■ Work to complete
Repeat verbatim, and only, the lines of the data below, beginning at the line that contains "Ημερήσιος Χάρτης Πρόβλεψης" and stopping after the line that contains "As discussed, a".

*** Source records Section Begins ***

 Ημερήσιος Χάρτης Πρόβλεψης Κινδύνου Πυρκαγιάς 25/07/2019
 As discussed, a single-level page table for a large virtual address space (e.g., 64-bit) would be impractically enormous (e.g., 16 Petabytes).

*** Source records Section Ends ***
*** Source records Section Begins ***

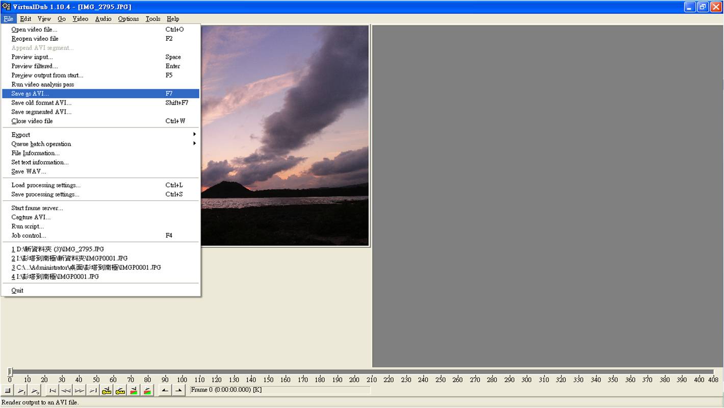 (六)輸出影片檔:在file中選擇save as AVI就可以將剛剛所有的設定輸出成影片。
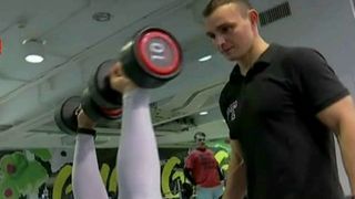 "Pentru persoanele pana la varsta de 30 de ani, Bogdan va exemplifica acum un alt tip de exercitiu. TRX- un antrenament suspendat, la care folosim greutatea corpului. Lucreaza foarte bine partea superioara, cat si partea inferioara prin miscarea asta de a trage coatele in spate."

*** Source records Section Ends ***

■ Solved exercise
 Ημερήσιος Χάρτης Πρόβλεψης Κινδύνου Πυρκαγιάς 25/07/2019
 As discussed, a single-level page table for a large virtual address space (e.g., 64-bit) would be impractically enormous (e.g., 16 Petabytes).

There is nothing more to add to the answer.